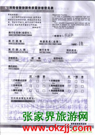 2010年6月17日陳先生一行7位旅游質(zhì)量反饋
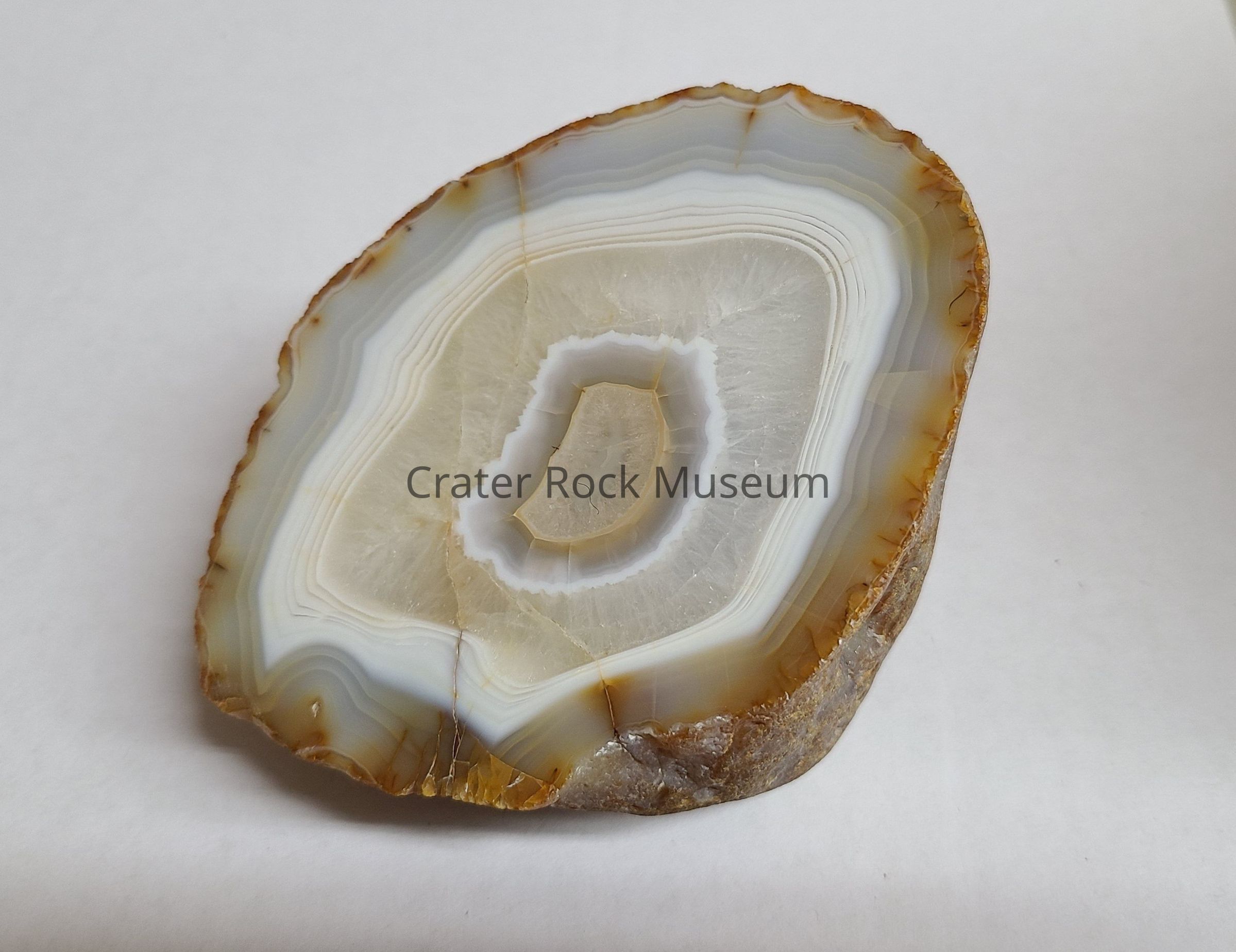 An Agate from Bear Creek, Jackson County, OR. Cut side shows fortified Agate with Crystalline center with Cream then Grey then White, Crystalline, Whites, Greys to Brown at outer rim. Several cracks present, some surface. Fortification bands obvious on uncut side of Agate.Dimensions
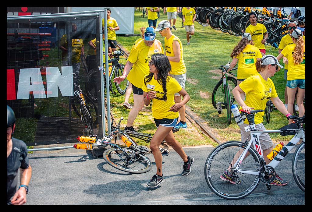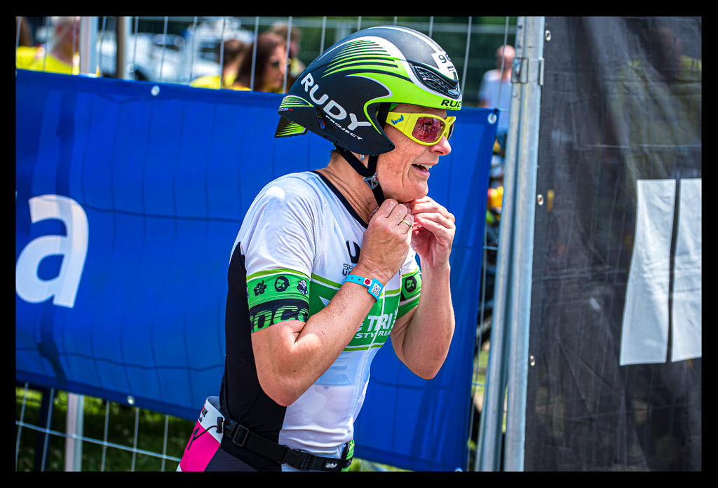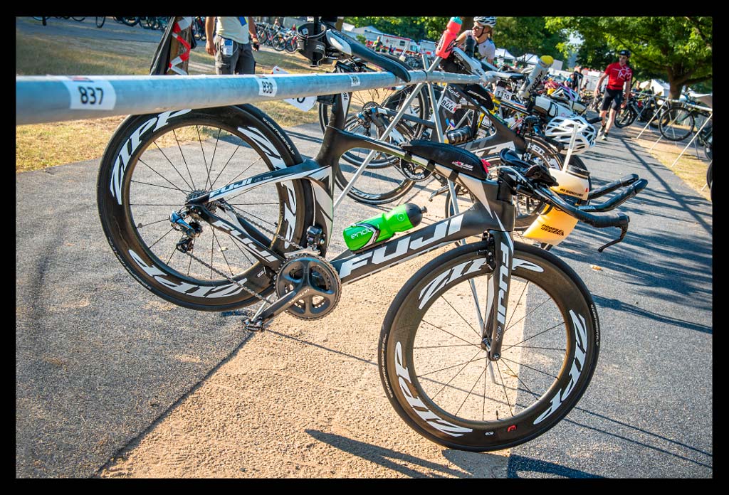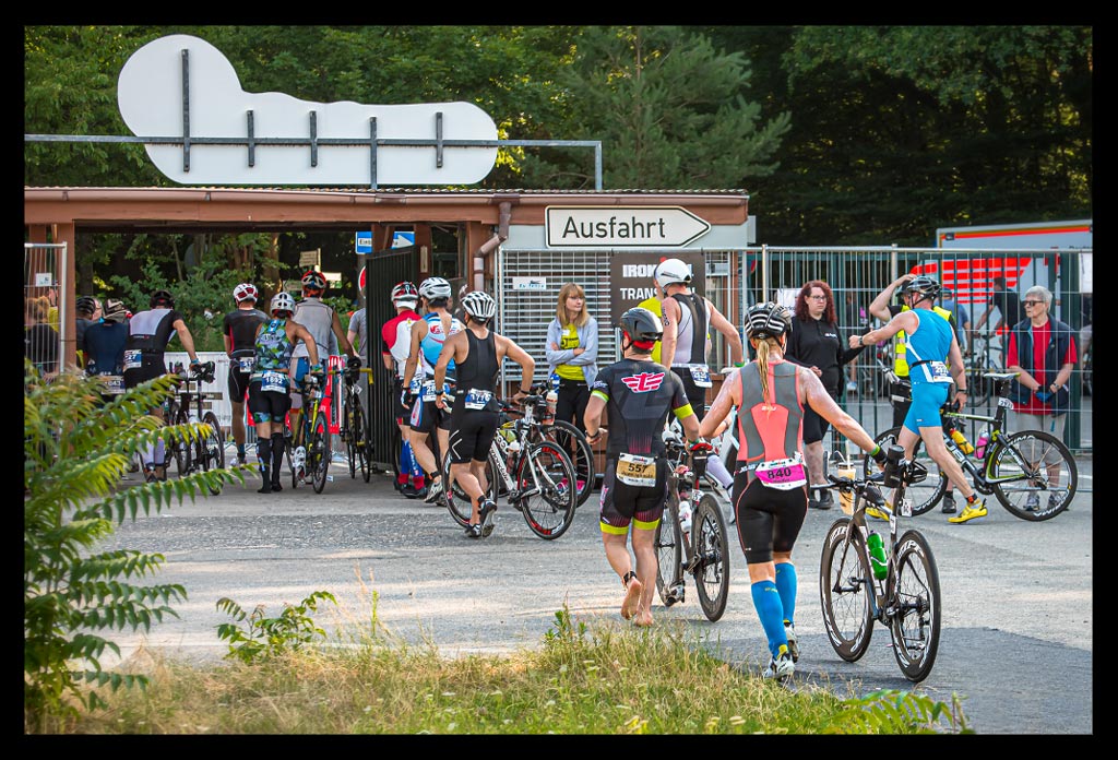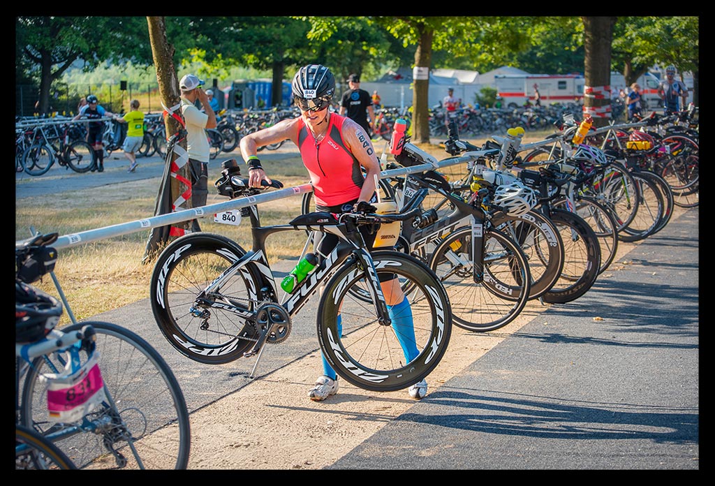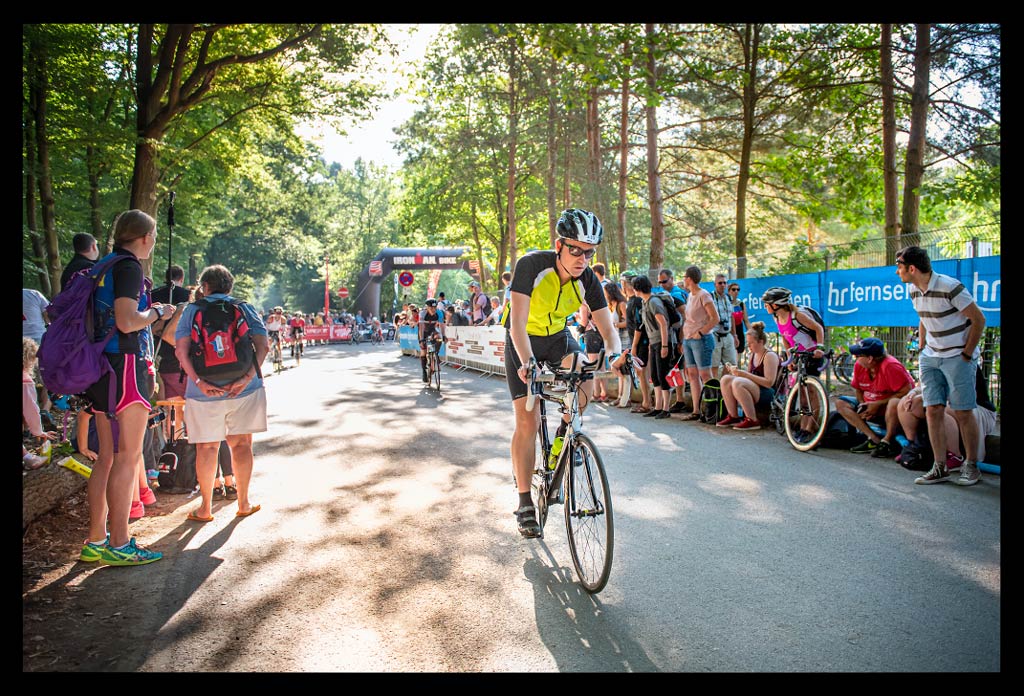 Nachdem ich mich beim Schwimmen selbst positiv überraschen konnte, obwohl ich mir gewünscht hätte, über’s Wasser laufen zu können und es mit einer für meine Verhältnisse super Schwimmzeit ja auch fast tat, sollte der anspruchsvollste Abschnitt dieses Ironmans mit der Radstrecke folgen. Zum Glück wusste ich davon noch nichts, als ich aus dem Wechselzelt zu meinem Fuji lief. Direkt in die zweite Reihe gestürmt, bis zum dritten Baum gelaufen, dann den kurzen Abschnitt, an dem keine Radständer standen hinter mir gelassen und etwas irritiert am ersten Baum danach geschaut, wo denn nun endlich mein Fuji hängt.
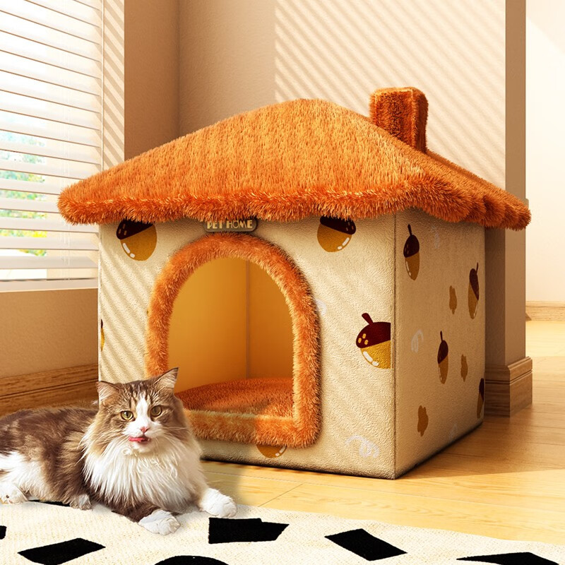 蔻丝猫窝冬季冬天保暖宠物发热电加热毯智能恒温半封闭式冬季窝猫房子 【防塌-大号栗子窝】40_33_42cm
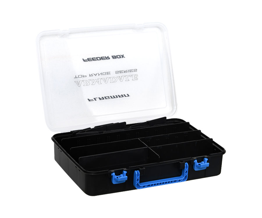 Коробка фідерна Flagman Armadale Feeder Tackle Box 390x280x85 мм – жорсткий однорівневий пластиковий кейс, який ідеально підходить для безпечного зберігання і транспортування різноманітних фідерних аксесуарів: від пакунків із гачками, бобін із повідцями й жилкою до грузил, фідерних годівниць тощо. Кейс Flagman Armadale Feeder Tackle Box виготовлено з міцного високоякісного пластику, оснащено напівпрозорою кришкою з двома замками. Він надійно захищає вміст від проникнення бруду та пилу. Armadale Feeder Tackle Box має кілька основних відділень зі знімними перегородками, що дають змогу впорядкувати рибальські аксесуари й оптимально використовувати внутрішній простір кейса. Для зручності транспортування передбачено складану пластикову ручку.
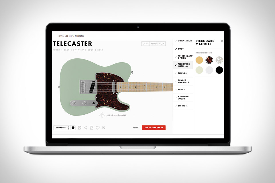 Whether you play professionally or just jam out in your garage, there's nothing like having a customized guitar. Fender Mod Shop Guitars give you chance to do exactly that. Using a slick web-based interface, this new service lets you order a Telecaster, Stratocaster, Precision Bass, or Jazz Bass that's perfectly matched to your style and sound. No matter which model you choose, you get to pick your own fingerboard, tuning machine, bridge and hardware color, body color and pickguard combo, and pickup. Once you're done, your custom axe will be built by the skilled technicians at Fenders Corona, CA factory and shipped to you within 30 days, so you won't have to wait long to start playing.
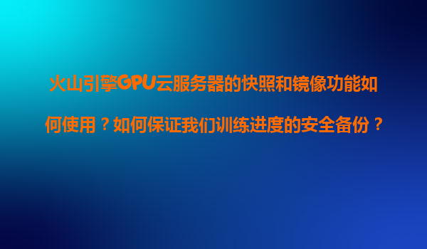 2025-11-08火山引擎GPU云服务器快照与镜像功能使用指南及训练进度备份方案 一、火山引擎GPU云服务器核心优势 火山引擎GPU云服务器基于字节跳动大规模AI训练场景打磨,提供以下核心能力: 高性能计算集群...
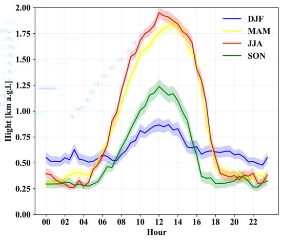 Figure 3 illustrates the average diurnal cycle of the PBLH for each season in Warsaw. During winter (DJF), the boundary layer remains the shallowest of all seasons, reaching just under 1 km between 12 and 14 h. This is due to weaker solar radiation, leading to reduced surface heating and less turbulent mixing. In spring (MAM), the PBLH increases noticeably, reaching around 1.7 km in the early afternoon (14–16 h). In summer (JJA), the highest PBLH is observed, peaking at 2.0 km during the same period, driven by higher surface temperatures and strong convective turbulence. In autumn (SON), the PBLH follows a similar daily cycle but with slightly lower heights, reaching 1.2 km, reflecting the decrease in solar radiation and surface cooling that signals the transition to winter.

▶ Aim of the exercise
Reproduce exactly the entries from their first line through the line containing "An Agate from", including both, and omit any pictures.

▶ Exercise result
 2010年6月17日陳先生一行7位旅游質(zhì)量反饋
 An Agate from Bear Creek, Jackson County, OR. Cut side shows fortified Agate with Crystalline center with Cream then Grey then White, Crystalline, Whites, Greys to Brown at outer rim. Several cracks present, some surface. Fortification bands obvious on uncut side of Agate.Dimensions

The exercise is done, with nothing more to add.